> [Collected material]:
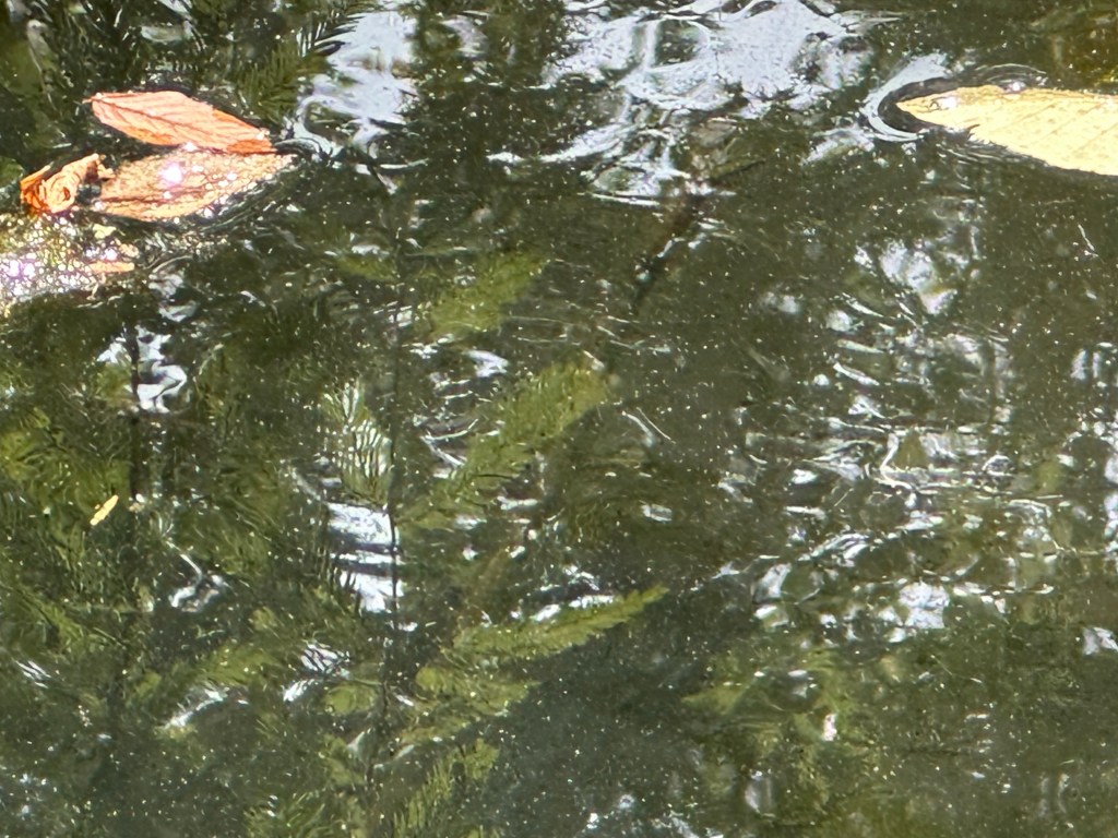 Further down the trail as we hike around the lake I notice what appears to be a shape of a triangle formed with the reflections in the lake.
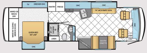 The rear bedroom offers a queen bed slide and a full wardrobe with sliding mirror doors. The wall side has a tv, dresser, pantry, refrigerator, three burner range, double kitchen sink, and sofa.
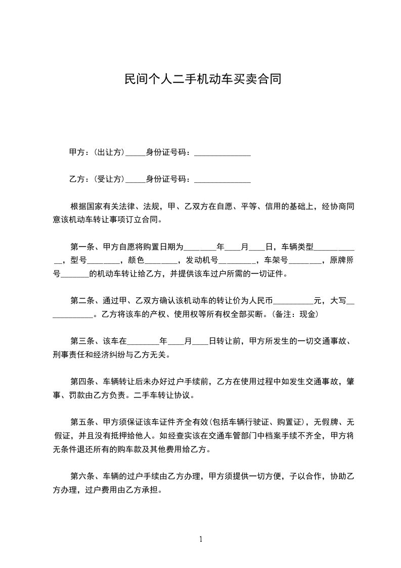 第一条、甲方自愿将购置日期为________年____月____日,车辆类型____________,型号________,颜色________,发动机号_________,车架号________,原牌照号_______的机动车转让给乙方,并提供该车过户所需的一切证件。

> [Task statement]: Reproduce exactly the line containing "The rear bedroom" and every line after it in the material above, up to and including the last. Exclude all pictures.

> [Written reply]:
 The rear bedroom offers a queen bed slide and a full wardrobe with sliding mirror doors. The wall side has a tv, dresser, pantry, refrigerator, three burner range, double kitchen sink, and sofa.
 第一条、甲方自愿将购置日期为________年____月____日,车辆类型____________,型号________,颜色________,发动机号_________,车架号________,原牌照号_______的机动车转让给乙方,并提供该车过户所需的一切证件。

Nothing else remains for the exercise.